I’m working on restoring my great-grandma’s old cast-iron pans, which are nearly 100 years old.  I inherited a big skillet, a little skillet, and a Dutch oven.  The Dutch oven has tiny specks of yellow paint on it, because apparently my grandma kept it on the stove, and my grandpa once painted the kitchen ceiling without moving the pan.

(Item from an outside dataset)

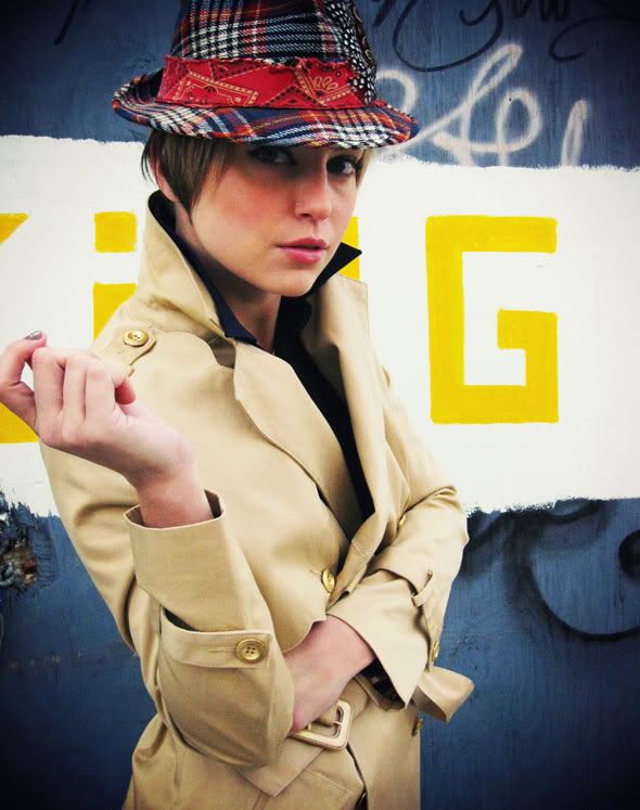 { wearing: self-embellished vintage hat, the glamourai halcyon carcanet necklace, l'ecole des femmes trench coat, theory shirtdress, coach boots }

Unfortunately, the pans had been sitting for a while before I got them, and they’ve been sitting ever since, because I didn’t really know how to rehabilitate them.  I finally did some research.  Apparently the process involves scrubbing the rust off with coarse steel wool until my arms fall off, then cooking something fatty and dead in them until they’re seasoned again.  I’m a vegetarian, so I don’t generally cook fatty and dead things, so this is a stretch for me.  I picked bacon, thinking that would be the least icky thing.  Now my entire house smells like smoke.  Dead pig smoke.  Also, the angry dead pig splattered hot grease all over the place, including my hand, and it freakin’ hurt.  I’m amazed the smoke detector didn’t go off (Note to self:  That’s probably bad.  Test smoke detector later.).

You bacon people are crazy.  I’m sticking to broccoli.

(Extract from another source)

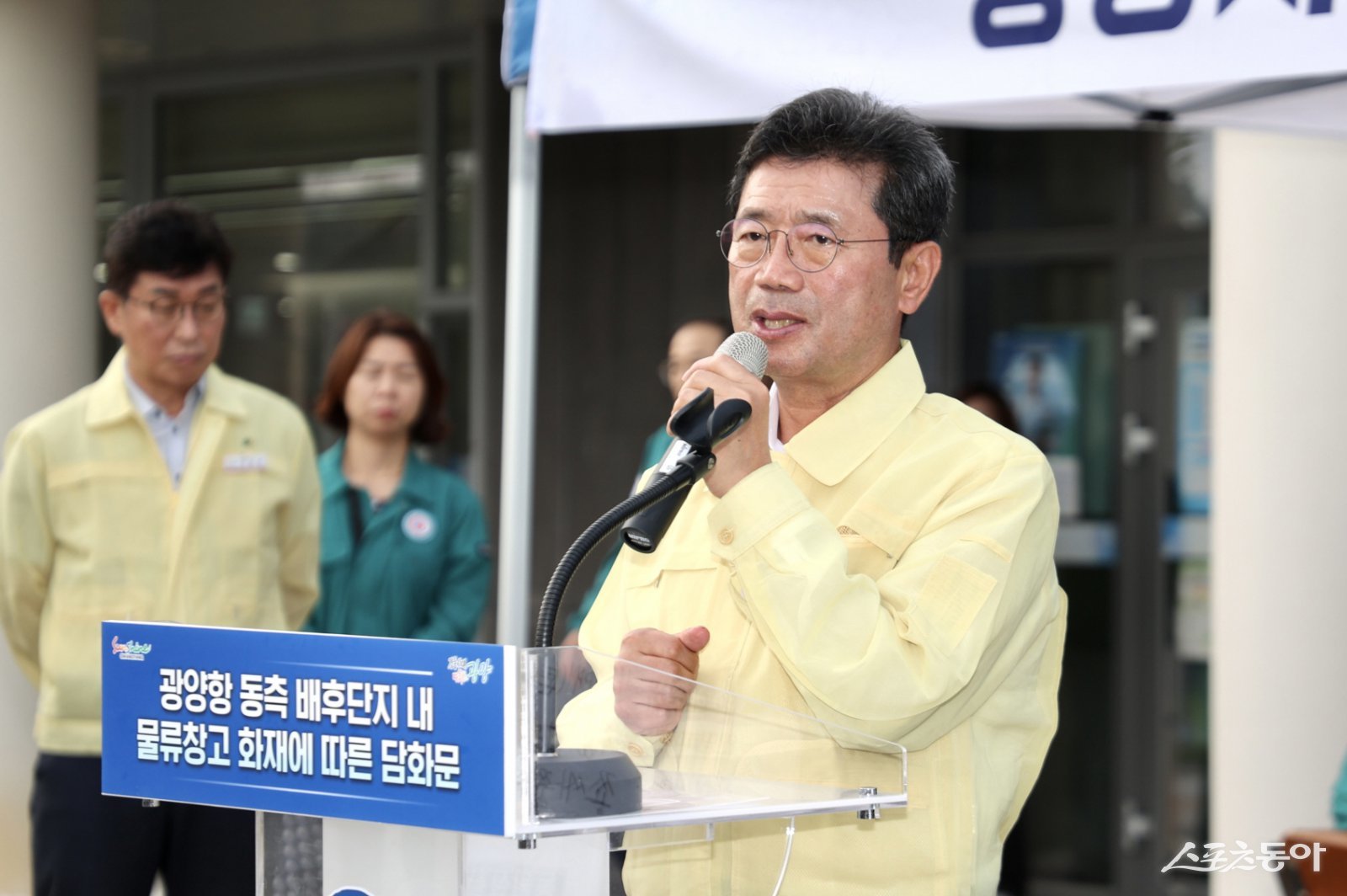 정인화 광양시장이 18일 광양항 동측배후단지 내 물류창고 화재 발생에 따른 담화문을 발표했다.

DISCLAIMER:  I’m not actually a judge-y vegetarian.  Meat isn’t for me, but I don’t care if you eat it.  My husband eats it.  My kids eat it (well, if nuggets and fish sticks count).  I’m only posting this because apparently I need to wait for this bacon grease to cool before I pour it in a cup to get rid of it.  I figured I’d use the time to write a blog post about it, because if there’s anything I’ve noticed about the internet, it’s that people love to talk about bacon.  My theory is that the word “bacon” is apparently a guaranteed traffic generator.  So I’m testing this hypothesis.  I probably should have used this time to steel-wool the next pan, but I’m pretty sure I can’t move my arms anymore.  The first pan took 45 minutes of hard scrubbing.  This totally counts as my workout for today.  So now I can go to Kopp’s tomorrow, where the flavor of the day will Super Bowl of Custard (chocolate frozen custard with a rum caramel swirl, chocolate covered peanuts, chocolate chips, and roasted almonds).  You know why they call it that?  Because it’s the SUPER BOWL OF CUSTARD.  For real.  Take that, bacon.

DISCLAIMER ON THE DISCLAIMER:  Kopp’s didn’t pay me anything for mentioning them.  In fact, they charge me every time I go there.  Shouldn’t they be giving me free custard or something?  Geez.  Freeloaders.